This monument is scheduled under the Ancient Monuments and Archaeological Areas Act 1979 as amended as it appears to the Secretary of State to be of national importance. This entry is a copy, the original is held by the Department for Culture, Media and Sport.

Name: Field system on the north west facing slope of Dane's Bottom, 400m north of Dee Barn

List entry Number: 1019039

Location

The monument may lie within the boundary of more than one authority.

County:

District: Wiltshire

District Type: Unitary Authority

Parish: Kingston Deverill

National Park: Not applicable to this List entry.

Grade: Not applicable to this List entry.

Date first scheduled: 24-Sep-1999

Date of most recent amendment: Not applicable to this List entry.

Legacy System Information

The contents of this record have been generated from a legacy data system.

Legacy System: RSM

UID: 31691

Asset Groupings

This list entry does not comprise part of an Asset Grouping. Asset Groupings are not part of the official record but are added later for information.

List entry Description

Summary of Monument

Legacy Record - This information may be included in the List Entry Details.

Reasons for Designation

Regular aggregate field systems date from the Bronze Age (2000-700 BC) to the end of the fifth century AD. They usually cover areas of up to 100ha and comprise a discrete block of fields orientated in roughly the same direction, with the field boundaries laid out along two axes set at right angles to one another. Individual fields generally fall within the 0.1ha-3.2ha range and can be square, rectangular, long and narrow, triangular or polygonal in shape. The field boundaries can take various forms (including drystone walls or reaves, orthostats, earth and rubble banks, pit alignments, ditches, fences and lynchets) and follow straight or sinuous courses. Component features common to most systems include entrances and trackways, and the settlements or farmsteads from which people utilised the fields over the years have been identified in some cases. These are usually situated close to or within the field system. The development of field systems is seen as a response to the competition for land which began during the later prehistoric period. The majority are thought to have been used mainly for crop production, evidenced by the common occurrence of lynchets resulting from frequent ploughing, although rotation may also have been practised in a mixed farming economy. Regular aggregate field systems occur widely and have been recorded in south western and south eastern England, East Anglia, Cheshire, Cumbria, Nottinghamshire, North and South Yorkshire and Durham. They represent a coherent economic unit often utilised for long periods of time and can thus provide important information about developments in agricultural practices in a particular location and broader patterns of social, cultural and environmental change over several centuries. Those which survive well and/or which can be positively linked to associated settlements are considered to merit protection.

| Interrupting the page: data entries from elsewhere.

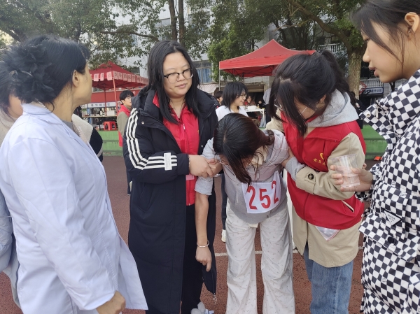 “愛心小屋”作為醫(yī)護(hù)學(xué)院的特色志愿服務(wù)項(xiàng)目,已連續(xù)多年為校運(yùn)會(huì)提供醫(yī)療服務(wù)。專業(yè)為翼,溫情為壤,他們依舊在幕后默默守護(hù),陪伴每一個(gè)拼搏的身影,見證運(yùn)動(dòng)員們每一次自我突破的高光時(shí)刻。今年,志愿者們提前籌備,精心布置站點(diǎn),配備了更齊全的急救基礎(chǔ)物資,并針對運(yùn)動(dòng)損傷、低血糖等狀況制定了周密的應(yīng)急方案。賽事期間,志愿者們?nèi)虉?jiān)守崗位,為長跑運(yùn)動(dòng)員提供賽后恢復(fù)指導(dǎo)。從專業(yè)的急救處理,到遞上一杯溫水、一聲鼓勵(lì),他們的細(xì)致守護(hù),為揮灑汗水的運(yùn)動(dòng)員注入了安心與動(dòng)力。這間由醫(yī)護(hù)學(xué)院打造的愛心小屋,不僅是醫(yī)療站,更是溫暖的“加油站”,它以專業(yè)與奉獻(xiàn),讓團(tuán)結(jié)互助的精神與體育風(fēng)采一同閃耀。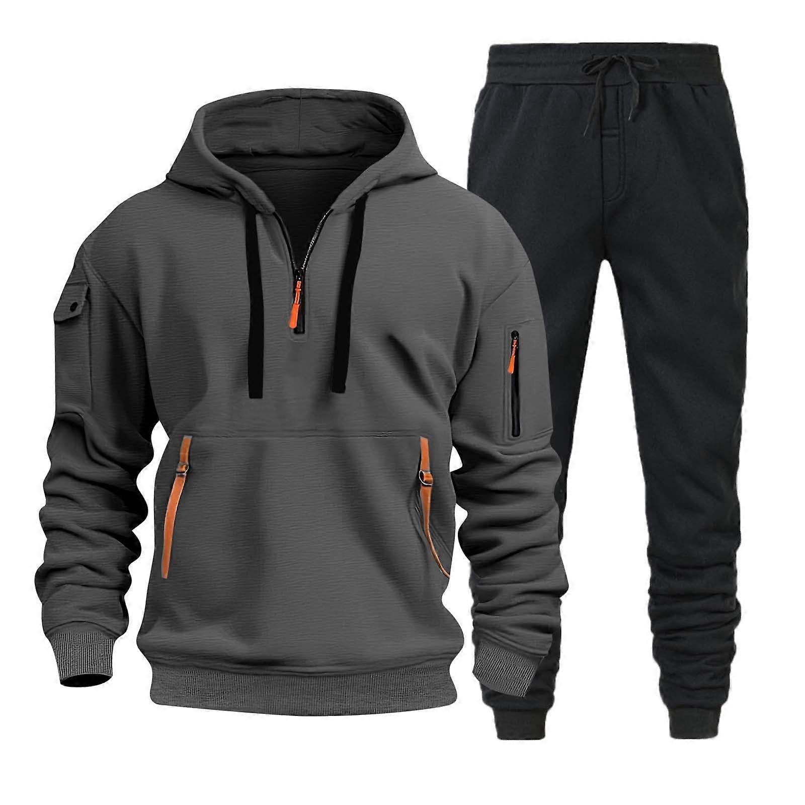 Men's Jogging Suit Grey XL, 2Piece Tracksuit With Hoodie And Trousers, Autumn Winter Sportswear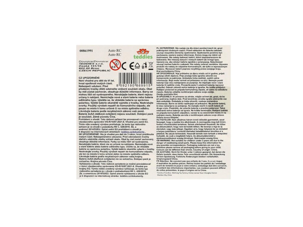 Krásné auto na dálkové ovládání, pro všechny malé závodníky, kteří milují dobrodružství a rychlou jízdu. S tímto super teréňákem budeš zaručeně v cíli jako první! Nastartuj a jeď si pro vítězství! To je rychlost! Hlavně ať se závod obejde bez nehod! Přepínač ON/OFF ze spodní strany auta. USB pro nabíjení auta, 2x AA baterie nejsou součástí balení (ovladač). Frenkvence 27 MHz.Rozměry balení 32 x 16 x 18 cm.

The field system on the north west facing slope of Danes Bottom, 400m north of Dee Barn, survives well providing an important insight into late prehistoric farming practice in this area. The fields and boundaries will contain archaeological remains and environmental evidence relating to the monument and the landscape in which it was constructed.

History

Legacy Record - This information may be included in the List Entry Details.

Details

The monument includes a regular aggregate field system 400m north of Dee Barn on the north west facing slope of Dane's Bottom, a dry valley cut into Upper and Middle Chalk to the south west of Kingston Deverill. The field system comprises a series of lynchets, or cultivation terraces, up to 1m high defining a group of rectangular fields. The system is aligned diagonally to the valley side, with the most prominent lynchets located toward the valley bottom. The internal divisions of the system survive as low earthworks, visible under low angled sunlight. All fenceposts and cattle troughs are excluded from the scheduling, although the ground beneath them is included.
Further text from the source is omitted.